İnkılâpölçer ve imanölçerlere göre Âkif!..
Yarın 12 Mart, İstiklâl Marşı’nın kabulünün yıldönümü. Bilinenleri tekrar etmeyeceğim. Âkif hakkında 1936’dan sonra yazılan yazılardan, özellikle ‘inkılâpçı’ yazarların Âkif’i nasıl algıladıklarından bahsedeceğim. İsmail Kara ve Fulya İbanoğlu’nun birlikte hazırladığı ve Âkif’in ölümünden 1940’a kadar gazete ve dergilerde çıkan yazıların toplandığı Sessiz Yaşadım Matbuatta Mehmet Âkif 1936-1940 adlı eserde bu konuda epeyce yazı var.
Şair, bu yazılarda genellikle, İslâmcılık, Türkçülük ve İnkılâpçılık bağlamında değerlendiriliyor. Meselâ Yeni Adam dergisinde 11 Mart 1937’de açılan bir soruşturmada sorulan bazı sorular bunu doğrulamakta. Şöyle: “Âkif milliyetçi bir şair midir, İslâmcı bir şair midir?”, “Âkif’in Türk inkılâbına hizmeti var mıdır?” “Âkif’in memleketten uzaklaşmasını nasıl izah edersiniz?”, “Âkif’in insanî olan tarafları var mıdır?”
Belli ki soruların odağında Âkif’in ideolojisi var. Bu doğal, çünkü ‘ethos’ ağırlıklı ideolojik bir şiir onunki, fikrî yanı ağır basan bir şiir. Fikret ve Nâzım’la beraber ethos ağırlıklı çizginin önemli bir ismi. İdeolojik bir hedefi (İslâm medeniyetinin dirilişi) ve hedefe birlikte varılması arzu edilen bir topluluğu (Osmanlı himayesindeki İslâm milleti) içeriyor. Şiiri, devrinin siyasî, tarihî ve sosyal durumunu yansıtan epik bir ayna, aynı zamanda lirik… İstanbul’u merkeze alan siyasi, sosyal ve tarihî manzaralardan; savaşlar, sokaklar, camiler, meyhaneler, kahvehaneler, mekteplerden oluşan fotoğraflar zinciri.

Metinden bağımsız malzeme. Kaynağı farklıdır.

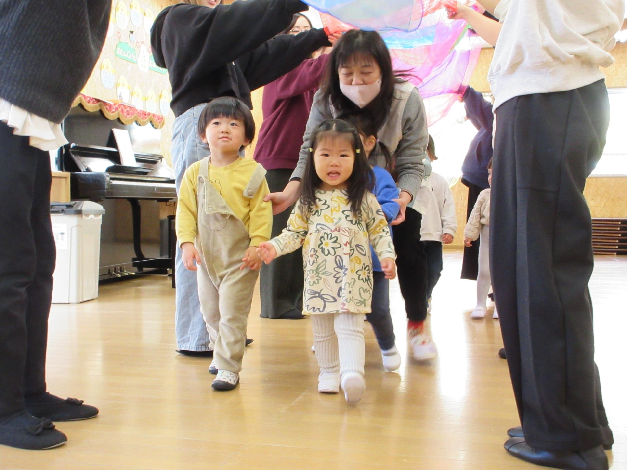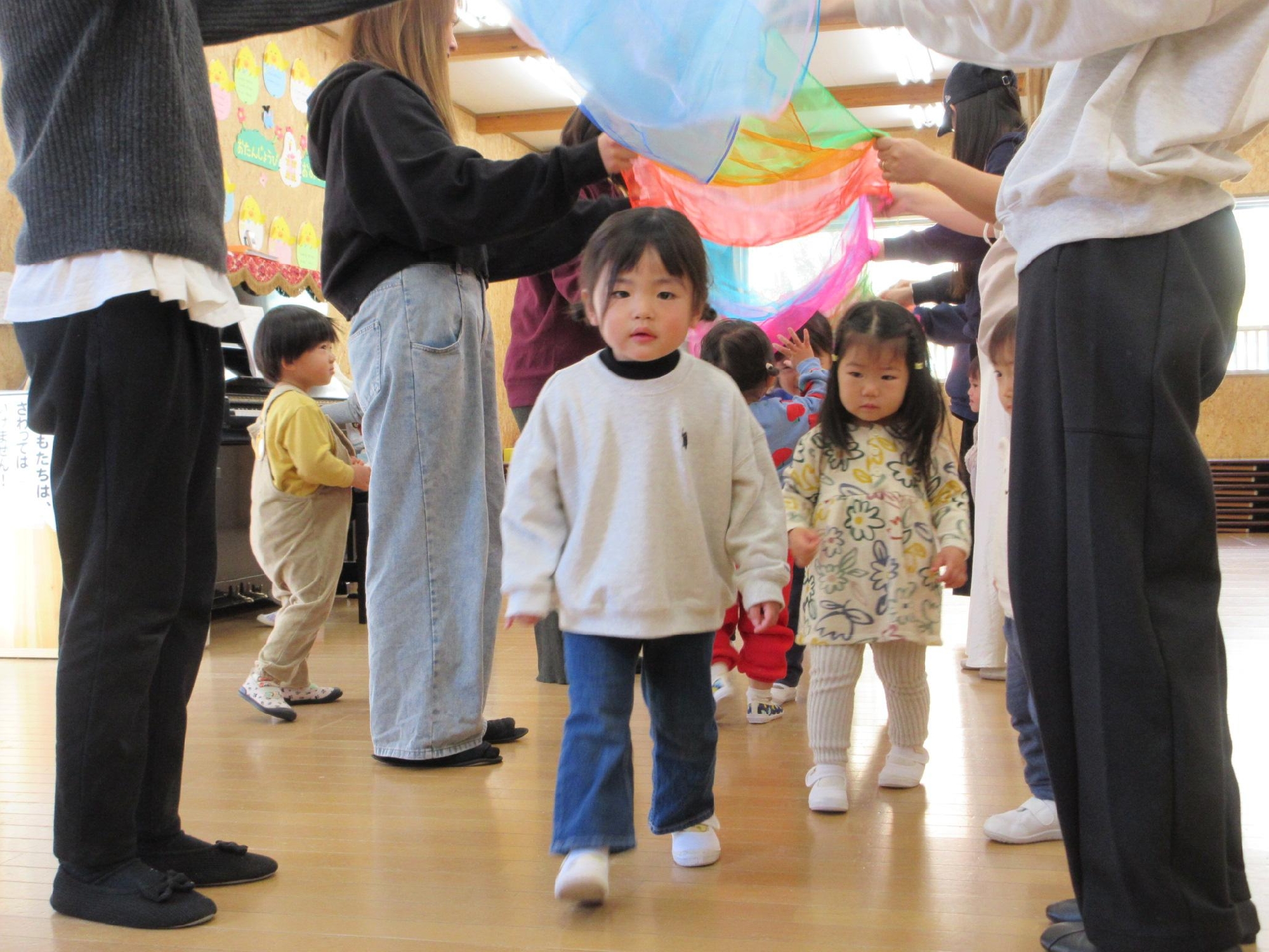 お母さんたちが作った虹のトンネルを、子ども達が渡り歩きました☺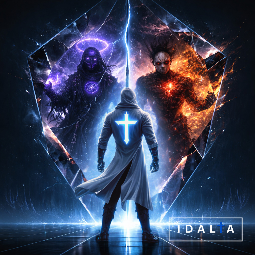 A high-energy Christian Hip-Hop track featuring a driving, syncopated drum pattern with crisp snares and a heavy sub-bass foundation, The arrangement is centered around a dark, atmospheric minor-key piano loop and eerie, high-pitched synth textures that create a sense of tension, The male vocals are delivered with a rhythmic, fast-paced flow, utilizing aggressive staccato delivery and occasional melodic inflections in the chorus, The production is polished with modern trap influences, featuring tight vocal doubling, subtle reverb on the hooks, and dynamic transitions between the verses and the anthemic chorus, The tempo is approximately 145 BPM, maintaining a consistent, urgent momentum throughout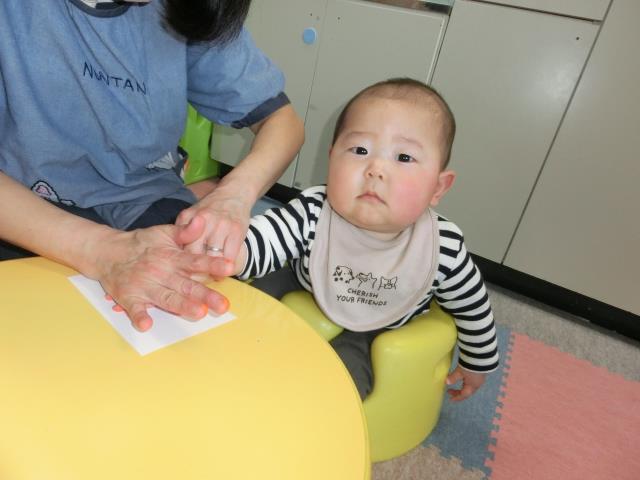 手形や足形をとる事に挑戦したひよこぐみさん。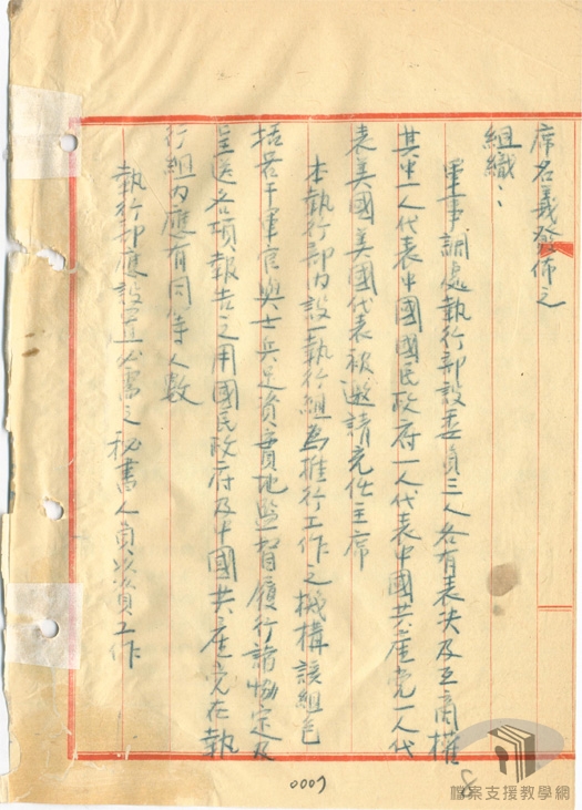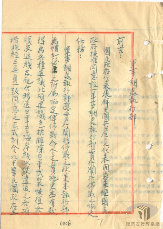 民國34年(1945)底,美國為調停抗戰結束後的國共關係,指派前陸軍參謀長馬歇爾將軍來華。馬歇爾來華後,由國民政府、中共、美國三方組成「軍事三人小組」,國民政府委員起初是張群(後改為張治中)、中共委員是周恩來,美國委員即為馬歇爾。軍事三人小組為執行軍事調處,下設「軍事調處執行部」(簡稱軍調部)。民國35年(1946)1月,軍調部設於北平協和醫院舊址。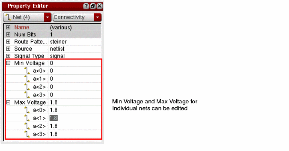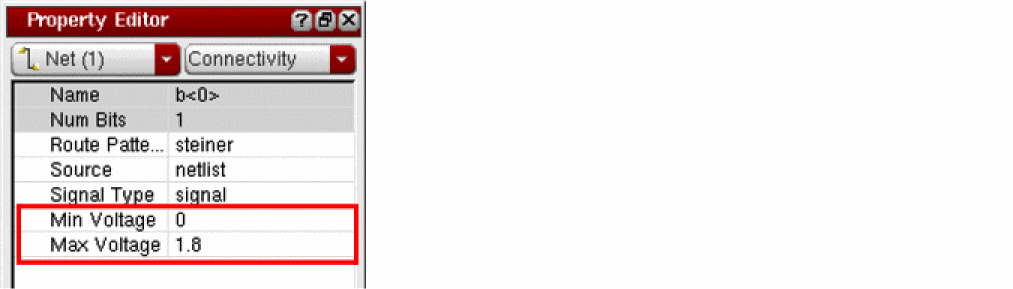In Virtuoso, the voltage range information on a net is used to verify or enforce voltage dependent constraints, such as voltage dependent spacings, minVoltageSpacing. By using the Property Editor assistant, you can view and edit the voltage range information of nets, minVoltage and maxVoltage.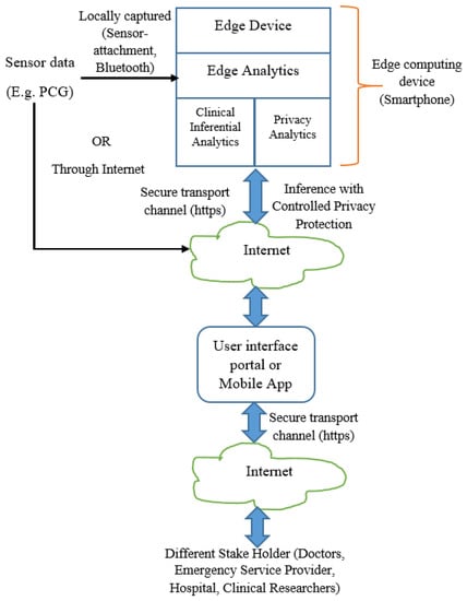 Our subsequent discussion is based on the functional architecture (Figure 1) and deployment architecture (Figure 2). When sensor data is fed to the analytics engine, the computational model consisting of feature set and trained model are generated. The generated model is deployed for prediction. It is envisaged that the trained model generation and trained model deployment are both developed and deployed on edge devices like smartphone. One of the salient aspects of our architecture is its capability to provide substantial clinical utility along with protecting the privacy requirement of the user. It is indeed an integrated method to ensure privacy protected clinical utility. Data at transit is protected through secure transport layer protocol (https). PCG signal captured by the sensors is sent locally or through the Internet. All the stakeholders access the information through a dedicated portal or mobile application.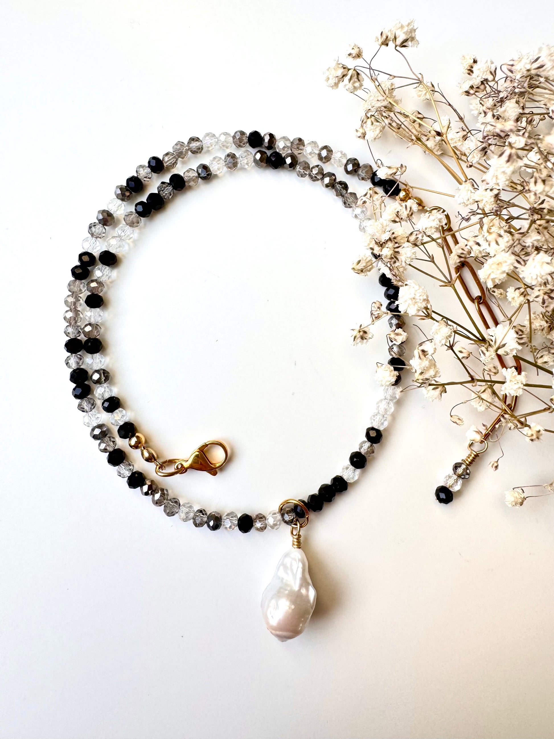 Diese edle Halskette kombiniert facettierte Edelsteinperlen in Schwarz und Transparent mit einer großen weißen Barockperle als Anhänger. Der monochrome Look wirkt elegant und modern – perfekt für schlichte, aber ausdrucksstarke Outfits.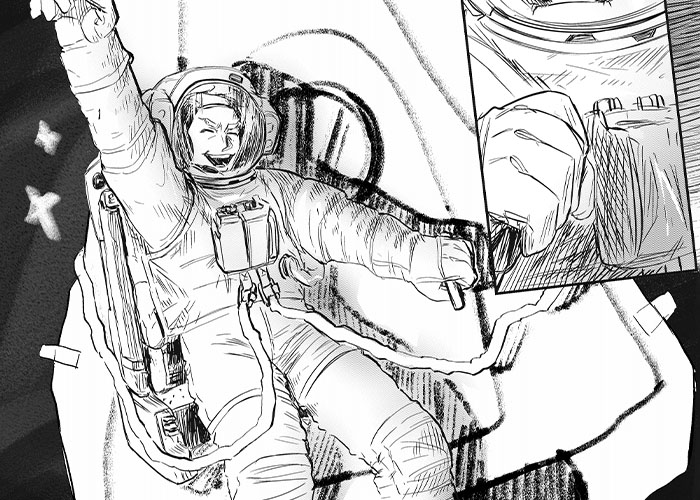 In a short number of pages, you’ve managed to thoroughly show the bond between the human and the alien, and the final scene is really moving! It’s especially difficult to show an alien’s emotions (since they don’t have human features), so it’s incredible that you were able to show its emotions so skillfully. If the scene in which they deepen their bond had a special interaction between the two of them, and then they got into an even bigger pickle than the chase scene, I think the last scene would resonate even more deeply. In the future, if you can think of ideas for story developments that will also help develop your characters, I think you’ll be able to create an even more wonderful story.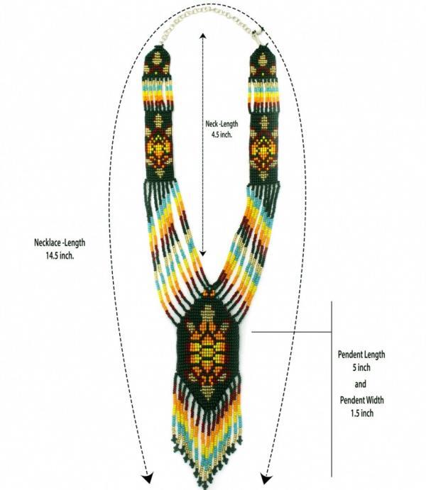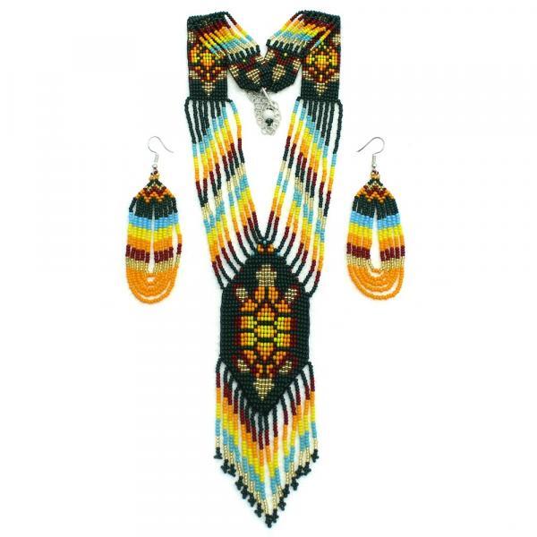 Handmade Beaded Turtle Design Deep Green Orange Necklace Earrings Set WCS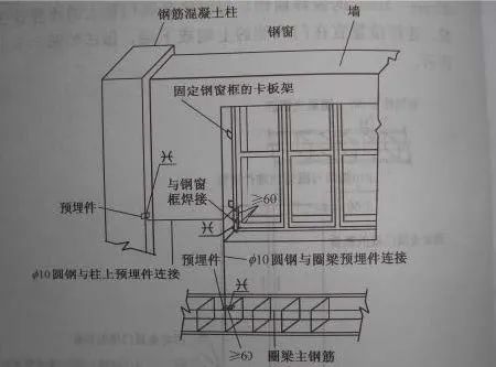 等电位联结线与金属窗的连接(如示意图):采用25㎜x4㎜的镀锌扁钢或φ10的圆钢,一端与圈梁预埋件焊接牢固,另一端与固定金属窗框的金属板焊接,也可通过搭接板(100㎜x30㎜x3㎜的镀锌扁钢)与固定门框上的预埋铁板连接,连接点不少于两处。

Söz konusu yazılar, Âkif’in ‘inkılâpçı’ kesimde nasıl algılandığını göstermesi bakımından önemli. İnkılâpçı kanona göre ‘İslâmcı’ bir şair o. Buna geçmeden, Abdülhak Hamit’in “Âkif’in insanî olan tarafları var mı?” sorusuna sadece bir “Eh…” deyişi var ki belirtmeden geçemeyeceğim. Sorunun garipliği bir yana Hamit’in “Eh!” demesi bir şaire yakışmamış. Sorulara en sert cevap verenlerden biri Şükûfe Nihal. Âkif’i “bize on dört asır evvelki ihtiyaçların yarattığı rejimlerden bahseden iskolastik bir kafa” diye tanımlıyor. Türk inkılâbına hiçbir hizmeti bulunmayan, aksine inkılâbı beğenmeyerek yurdunu terk eden “hurafelere takılmış bir adam” olduğunu söylüyor (Sessiz Yaşadım, s. 216). Çanakkale Şehitleri’ne yazdığı şiir için söyledikleri de ilginç; “Nedir o şehidler için hazırladığı türbe! O ne fantezi, ne cici bici bir şey!” (s. 224).
Sabiha Zekeriya Sertel, Yaşar Nabi Nayır, Suphi Nuri, Falih Rıfkı gibi yazarlar da benzer düşüncelere sahip. Soruşturma dışında o dönemde yayımlanan bazı yazılardan örnekler vererek, inkılâpçı algıya işaret etmek istiyorum. Meselâ Agâh Sırrı Levent; “Maziye bu kadar bağlı bulunan, medeniyete diş bileyen Âkif’in, asrî hayata uymasına imkân” yoktu sözleriyle aynı düşünceyi yineliyor (s. 169). Bu konuda en sert yazıları kaleme alanlardan biri de Nurullah Ataç. Onu şairden saymıyor, “onda bir fikir aramak, fikre hürmetsizlik olur” diyor. “Ayağı poturlu, Priol saatli köy ağalarının kalaylı maşrapadan şerbet içip namaz kıldıkları” eski devirlere hasret duyduğunu ileri sürüyor (s. 162-163). Falih Rıfkı da aynı görüşte. Ona göre de; “bütün inkılâplarımızın ve şark tarihinde ilk defa kurmuş olduğumuz bütün hürriyetlerin, layisizmin, tefekkür ve vicdan hürriyetinin aleyhinde”dir Âkif (s. 156).
Uzatmayayım, basit ve taraflı değerlendirmeler bunlar… Ama daha ilginci bugün kimi yazarların da aynı basitlikle Sultan Abdülhamid’i eleştirdi, tasavvufa karşı çıktı veya İslâm’da reformizmi savunuyor (!) diye Âkif’i ‘imanölçer’leri ile yargılamaları. Tersten bakınca ‘inkılapçı kanon’la bu bakış arasında ‘düşünme/ ölçme biçimi’ bakımından bir benzerlik görüyorum.